Even in much of the 19th century, Americans did not put up or even accept Christmas trees as part of the holiday. In fact when one was erected in front of a church in 1851 the locals were shocked and outraged at the “pagan” aspect and asked the good reverend to remove it immediately.

In spite of all that, Christmas trees started catching on, and by the early 20th century they were fairly common, and Americans were decorating them with handmade ornaments. The German-Americans used mostly fruit, nuts, and cookies on their trees; then came colored popcorn. When electricity became common, Christmas lights came into vogue, and remain so to this day.

The Practice of Giving Gifts

We all know the story of the 3 wise men, and how they came to Jesus, supposedly lying in a manger. They gave him gifts and then departed. What most people don’t know is that the three wise men were probably not holy men, as we like to celebrate them as being. They were obviously astrologers; they followed a star. Astrology or the use of any form of divining is highly frowned upon in the Bible. If you read the Bible carefully you will notice that after leaving Jesus, the wise men went to visit King Herod. Shortly thereafter King Herod decreed that all male children of 2 years old or less must die. Hmmmm I wonder where he got the information about a baby that might threaten his kingliness? Probably from the three not so wise men. Also when you read carefully you will see that Jesus was not a newborn baby when the wise men visited, and his family were living in a house at the time instead of a stable. Thus the reason that King Herod decided to kill young boys up to 2 years old instead of newborns only. It seems that the more we research our practices at Christmas, the more we see that the majority of it is simply made up, and often comes from old pagan practices instead of from the Bible. Here is another one for you to consider. Our practice of giving gifts; where did it come from? Oh I know, the wise men gave gifts to the baby Jesus. Notice that they didn’t give gifts to anyone else, nor did the others exchange gifts. In our modern Christmas, Jesus is the only one that does NOT receive any gifts. Incidentally it was the practice in Biblical times for visitors to bring gifts for any notable person.
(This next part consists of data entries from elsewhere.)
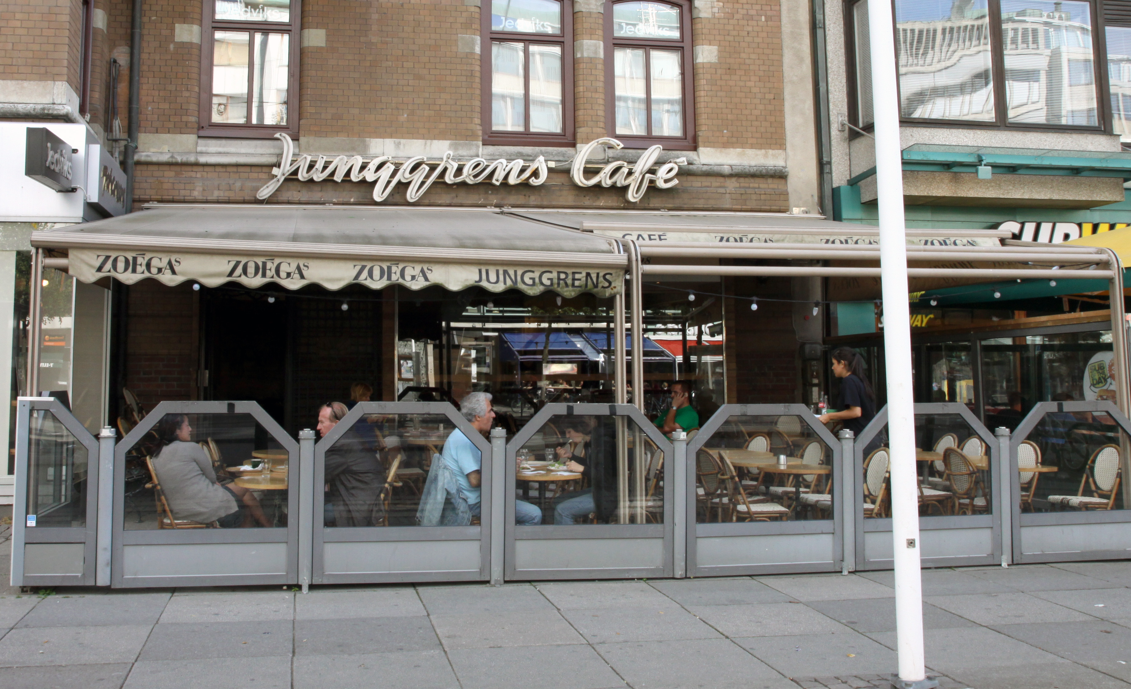 Junggrens café in Gothenburg, Sweden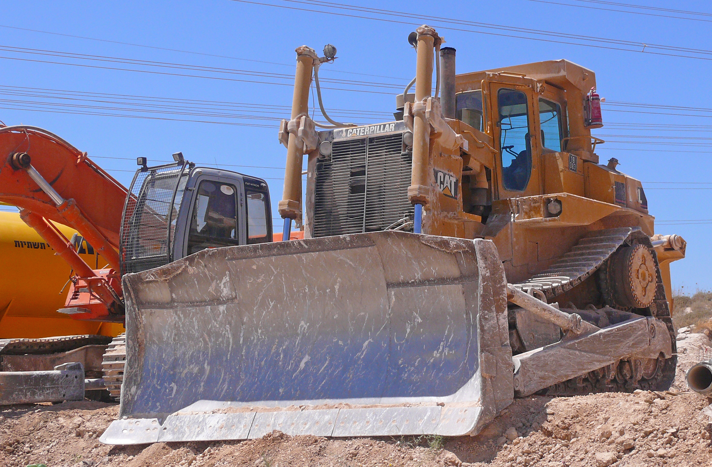 Caterpillar D9L bulldozer near Barket quarry, Israel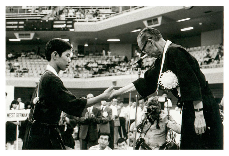 Jorge Kishikawa receives the third place medal in the 2nd World Youthful Kendo Chapionship, 1977, Tokyo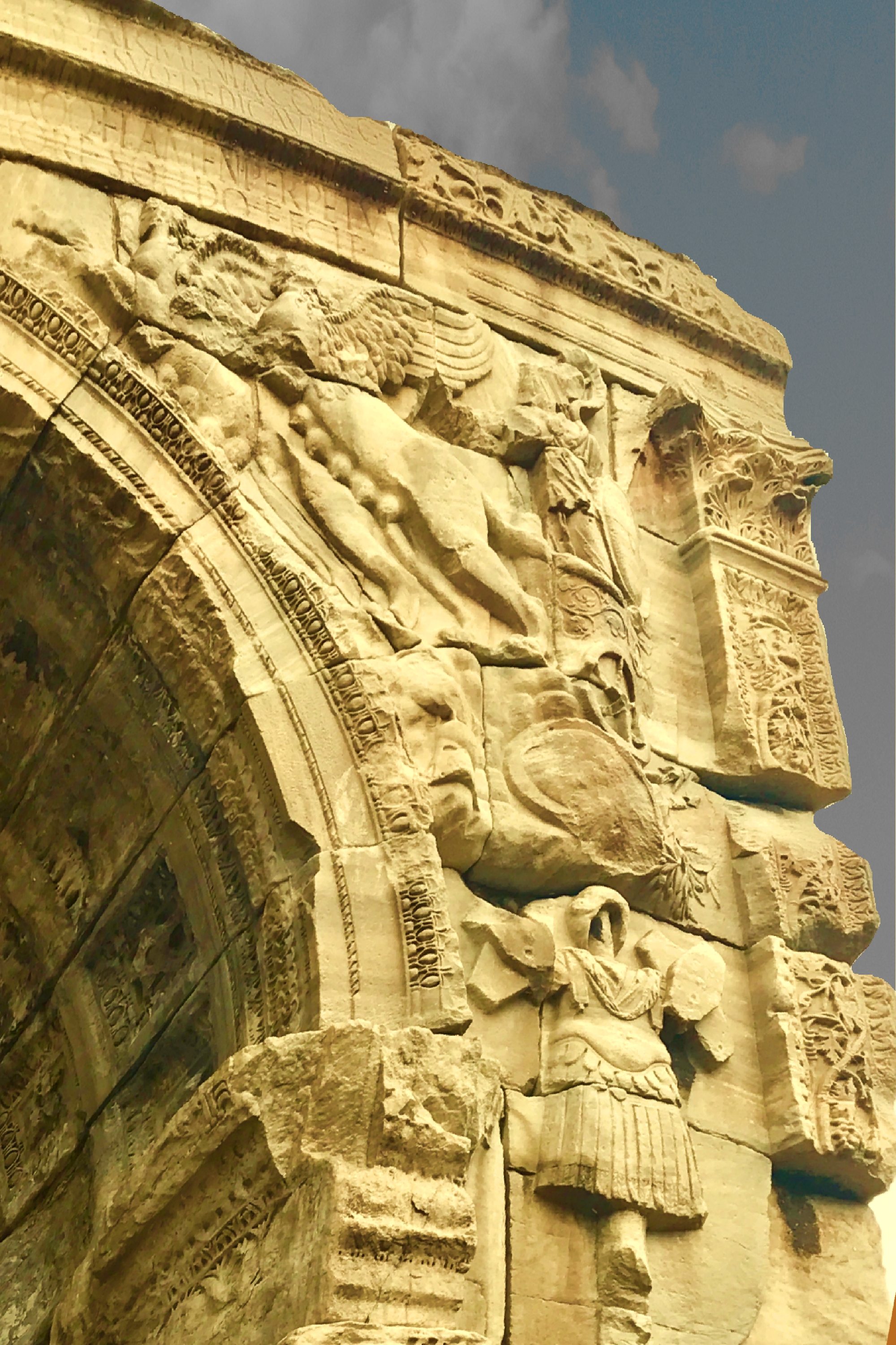 detail of Marcus Aurelius Arch in Tripoli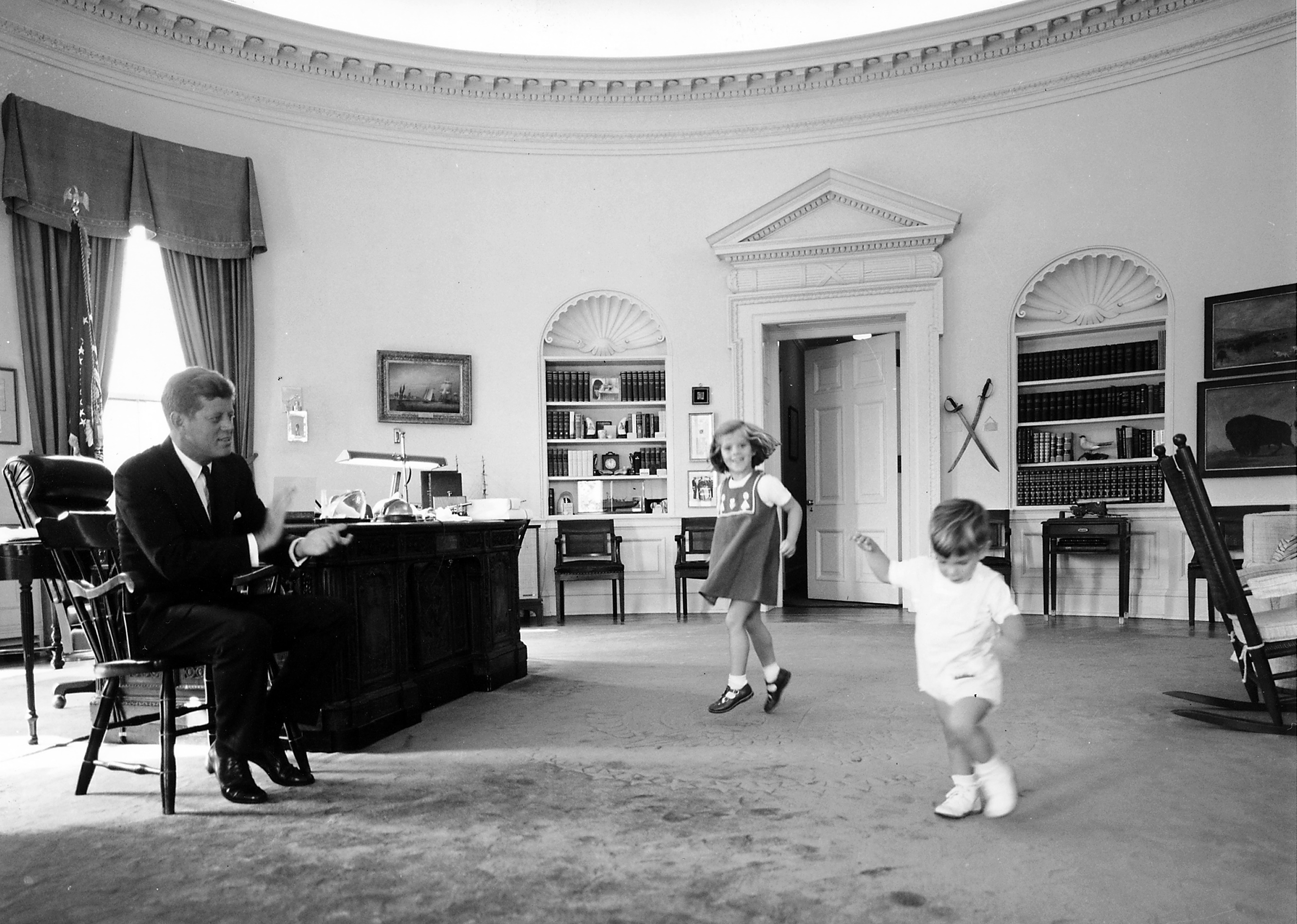 Kennedy children visit the Oval Office. President Kennedy, Caroline Kennedy, John F. Kennedy ,Jr. White House, Oval Office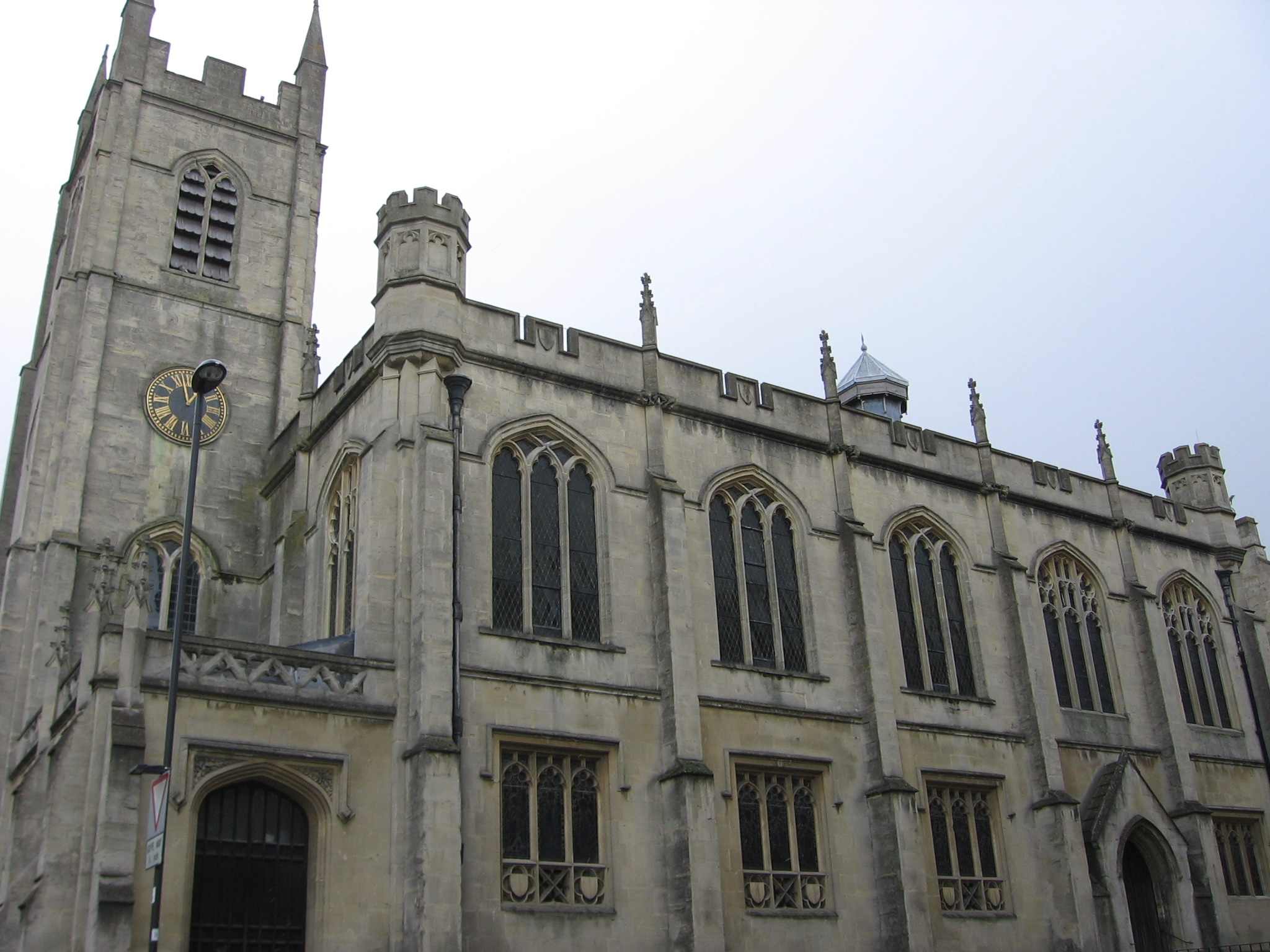 Christ Church chapel, Julian Road, Bath, Somerset, seen from the southwest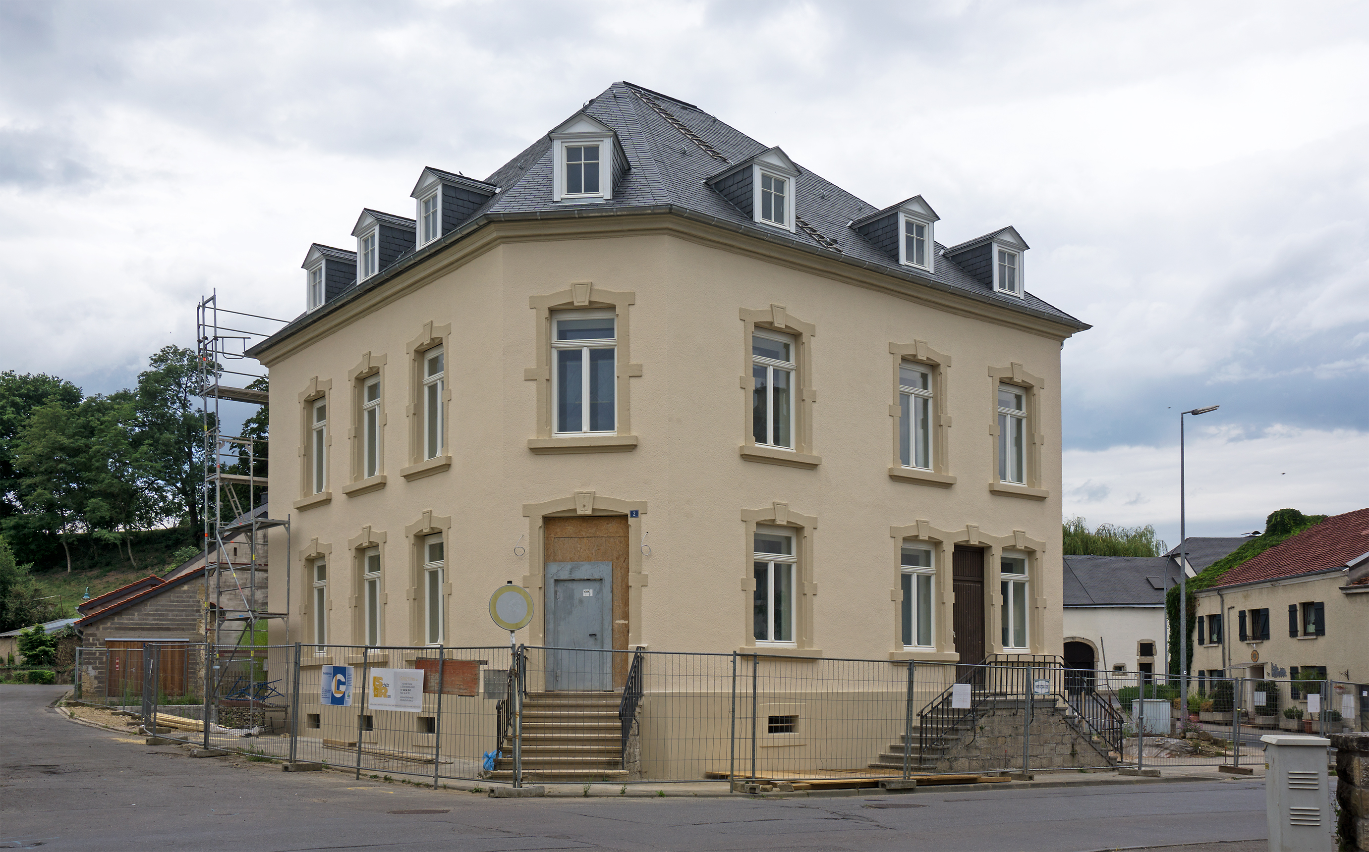 Building in Dalheim, 2 Hossegaass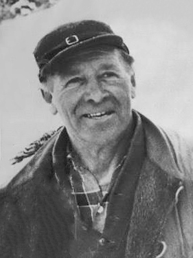 1960 Press Photo Ski jumper, Torbjorn Yggeseth with Olympic's Birger Torrissen

I love Christmas. I can’t help it. I love the bright lights, the decorated trees, the gift giving, the coming together of families and friends. What I don’t love is where some of the practices come from, and how we have commercialized a day that is supposed to be special from a religious standpoint. To me Christmas is not really the birthday of Jesus, because we don’t know his birthday. I do however, accept the holiday as a celebration of his birth, but I also enjoy the feelings of love and closeness I share with my family.  May your holiday be joyful. Merry Christmas!